Stories of the Mind

The world needs stories for a simple reason. Stories define us. Forget about the books you read or the movies you watch. Those aren’t the important stories. The important ones are the tales that never see the light of day. These stories exist only in the minds of every person everywhere, shaping our lives.

I’m going to throw out a statistic here that I made up on the spot and is probably wrong. 99.9% of all stories will never been seen or heard by anyone other then the storyteller.. They’re the stories we tell ourselves, the fantasies we concoct when bored or the dreams we have in that awesome moment of sleep where we can kind of control what’s going on. They’re the lies we imagine about ourselves and others in order to stay sane. No one will ever hear them, no one will ever know them, but they are stories essential to the well-being of the mind.

Stories are how we sort through our problems. When something goes wrong, this is how we cope. We make stories about difficult situations and potential resolutions. The point of these stories isn’t to find an actual solution, but to explore every possibility, and maybe relive some of the best ones, in order to get rid of the dredge so your problems don’t effect the rest of your life.

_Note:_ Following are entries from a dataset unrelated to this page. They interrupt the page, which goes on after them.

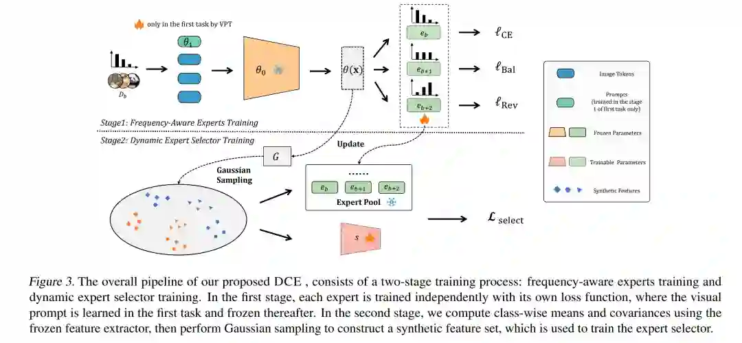 领域增量学习(Domain-Incremental Learning,DIL)旨在应对非平稳环境中的持续学习问题,要求模型能够适应不断变化的领域,同时保留已有的历史知识。在面对不平衡数据时,DIL 面临两个关键挑战:域内类别不平衡和跨域类别分布转移。这些挑战严重阻碍了模型性能的发挥:域内不平衡会导致少样本类别的欠拟合,而跨域分布转移则要求模型在保持多样本类别知识的基础上,提升旧领域中少样本类别的表现。 为解决上述问题,本文提出了双重平衡协同专家(Dual-Balance Collaborative Experts, DCE)框架。DCE 引入了一个频率感知的专家组,每个专家通过特定的损失函数进行引导,学习对应频率组的特征,从而有效应对域内类别不平衡问题。随后,DCE 通过对历史类别统计信息进行平衡高斯采样,合成伪特征,从而学习一个动态专家选择器。该机制在“保留旧领域中多样本类别知识”与“利用新数据提升旧任务中少样本类别性能”之间实现了有效权衡。 在四个基准数据集上的广泛实验结果表明,DCE 在不平衡领域增量学习任务中达到了当前最先进的性能水平。
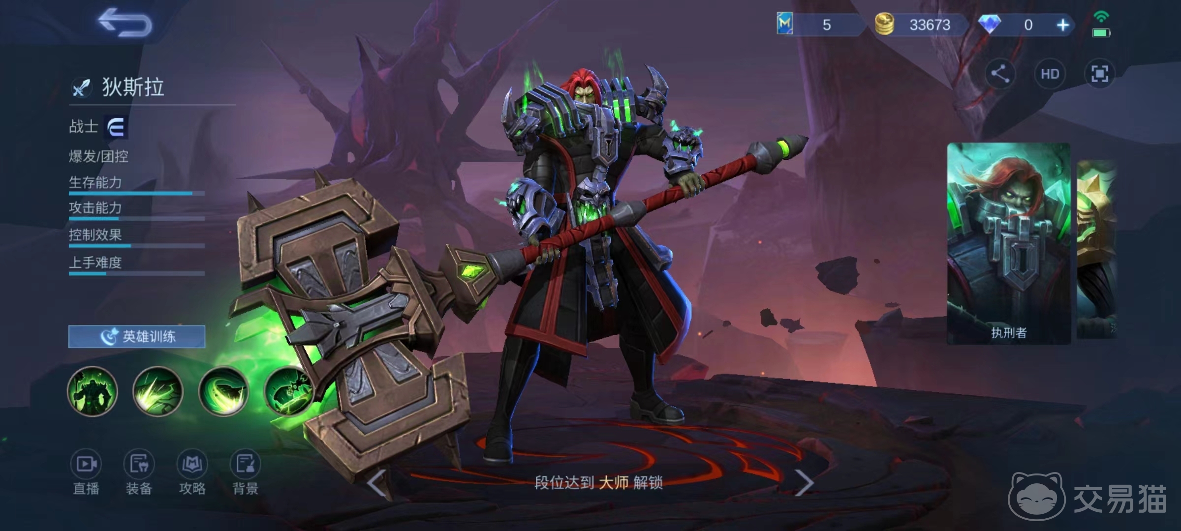 一技能复仇之击,向前方挥动大锤产生地裂,地裂会蔓延出去造成物理伤害,裂痕命中的第一个目标会钻入体内进行减速,同时增加自身移动速度,之后裂痕在目标身上爆炸,造成一次额外伤害。二技能行刑之击,向前方扇形范围内挥舞大锤连续攻击三次,在挥舞期间可以手动调整方向,每次攻击都会附带减速效果,如果输出目标是小兵则只有60%的伤害。三技能效果为跳跃到指定区域并造成范围伤害,之后将刑台召唤出来减速敌人,刑台会向范围内的敌方英雄伸出勾锁,每隔一段时间就会将目标进行拉扯。
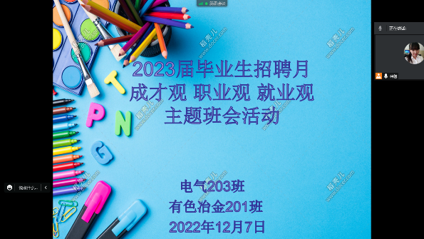 为培养当代大学生成才观、职业观、就业观,千方百计促进2023届兵团高校毕业生更高质量、更充分就业。机械电气工程分院根据学院就业办校园招聘月系列活动专项工作安排,我分院毕业生辅导员分批次分专业在各个班级召开就业育人主题教育活动,主要通过线上主题班会的形式,引导学生把个人成长成才、毕业就业等理想和追求融入现代化国家建设新征程。
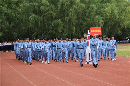 我系第一个上场的表演方阵是星火燎原方阵。他们身着红军军装,抬着火箭前行,整齐的步伐踏着他们必胜的决心,灿烂的微笑写着他们如火的热情,嘹亮的口号体现着他们的实力。他们誓言在追求科学、探索未知的道路上要践行红军坚忍不拔,自强不息,勇往直前的精神。
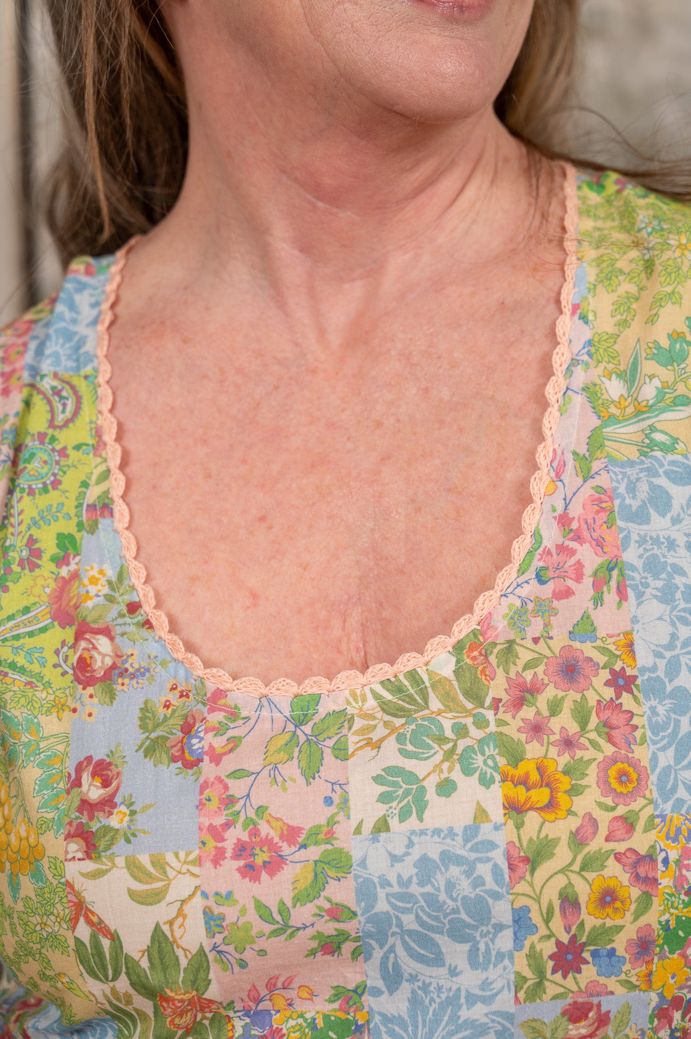 The Garden Collage Dress is a tiered maxi in 100% cotton, its patchwork print pulling together a whole meadow's worth of hand-painted florals in sky blue, soft pink, buttercup yellow, and garden green, each panel a different pattern that somehow blooms into one glorious whole. Crochet trim traces the scoop neckline, a keyhole back with button closure adds a quiet, pretty detail you'll catch in the mirror on your way out. A button tieback at the waist lets you shape the silhouette to your mood, and side seam pockets are there when you need them. The tiered skirt moves with the kind of enthusiasm that is genuinely contagious.
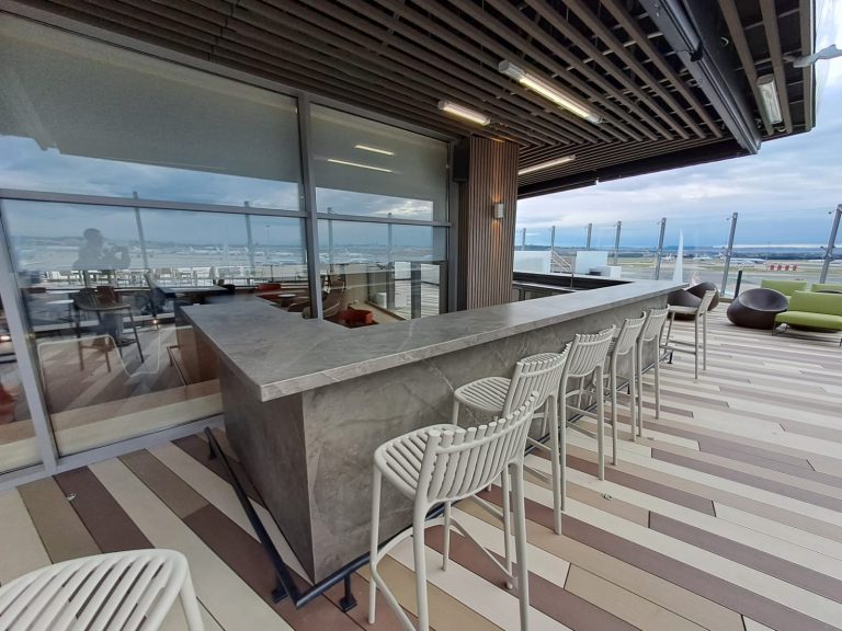 Entre las piezas más destacadas se encuentra una barra interior, elaborada en Dekton Soke, con acabado ingletado y un diseño en forma de ‘U’, cuyas dimensiones alcanzan los 610, 330 y 720 x 65 cm.
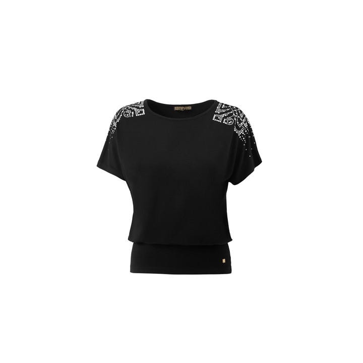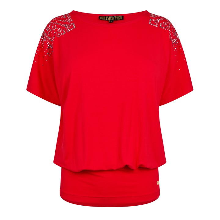 Elevate your everyday style with the Biba Heat Seal Top. Designed with a blend of comfort and glamour, this jersey top features subtle yet stunning details that make it a versatile piece for both casual and dressed-up looks. Perfect for pairing with your favorite Biba pieces, this top will effortlessly transition you from day to night. The voluminous short sleeves add a touch of drama and sophistication, creating a stylish silhouette that's both flattering and on-trend. Designed with a wide waistband, this top cinches at the waist, creating a flattering shape that complements a variety of body types. The subtle yet glamorous Biba filigree logo is heat-sealed on the sleeve, adding a touch of sparkle and signature Biba style.
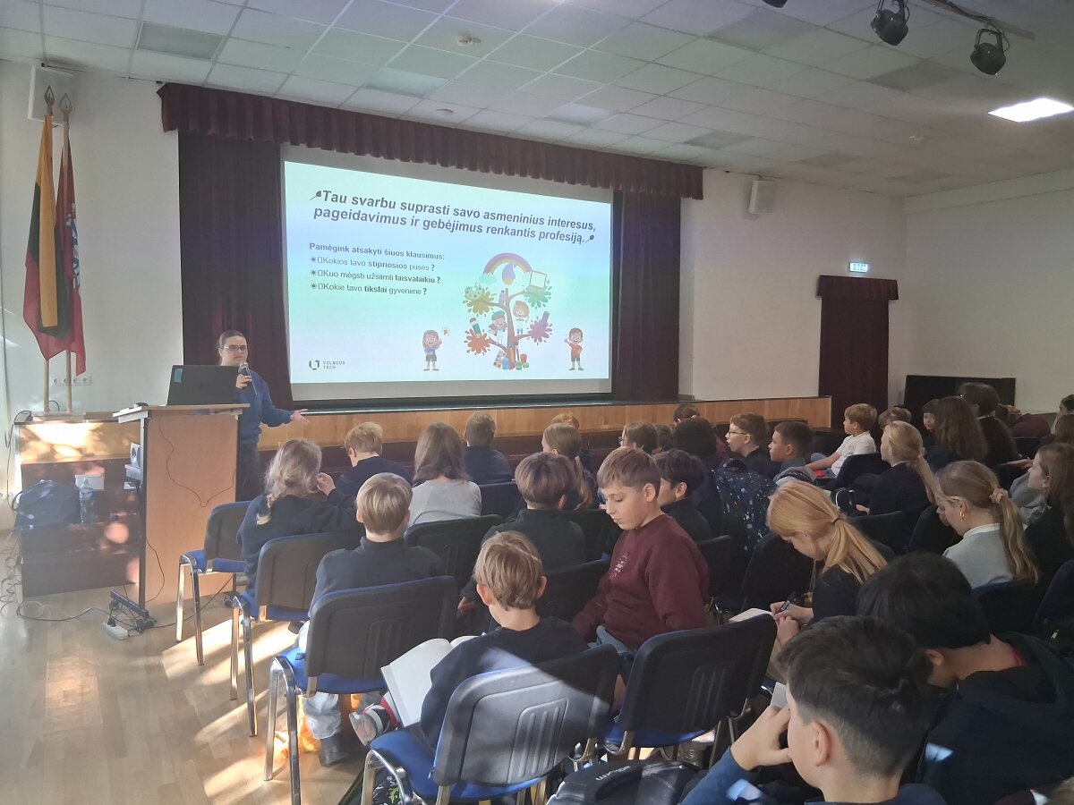 Mūsų mokykloje neseniai apsilankė pranešėja iš Vilnius Tech universiteto. Šis vizitas nebuvo tik įprastas universiteto programų pristatymas, o tapo įkvepiančia diskusija apie mokslo sritis, ateities profesijas ir naujausias technologijas. Renginyje dalyvavo penktos ir šeštos klasės.
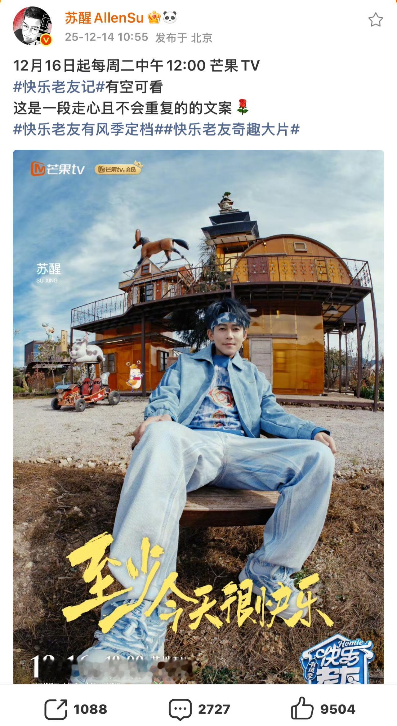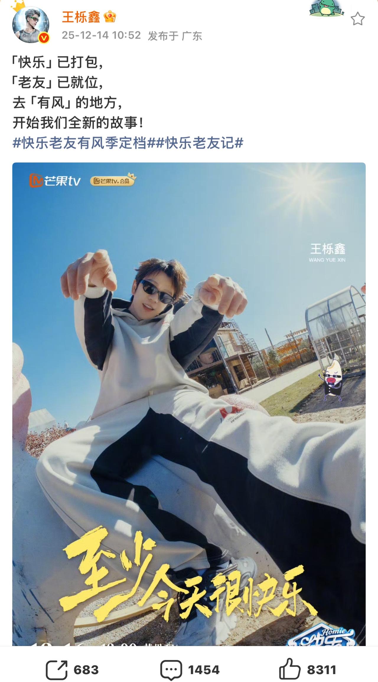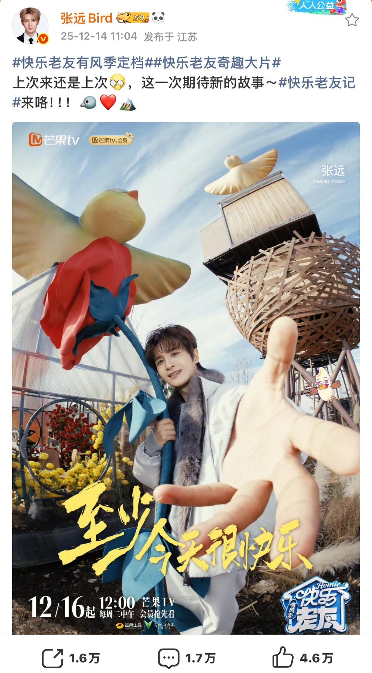 《快乐老友记3》官宣,看看哥几个怎么说的吧。 楚生点题“荒芜咖啡”,邀你度过惬意时光; 苏醒还是很拽,继续一段走心而不重复的文案; 糊糊的“快乐已打包”、“老友已就位”; 张远人气最高,无论转发、评论,还是点赞都高居榜首! 王铮亮继续在有风的地方嗨玩音乐🎵; 虎子已快乐到模糊,悠闲到发芽🌱……。 总之,太让人期待呀。

The world doesn’t need stories as much as the individual needs stories. We need the narrative in our lives in order to get our way through the boring parts and relive the great parts. Unlike real life, stories almost always have happy endings. Even the ones that don’t end happily at least make sense and end with a purpose. Isn’t that something we all strive for in our own personal story?

In his pretend life, August Baker is a retail monkey who channels anger and loathing into something vaguely resembling literature. In his real life, he is a Space Pirate.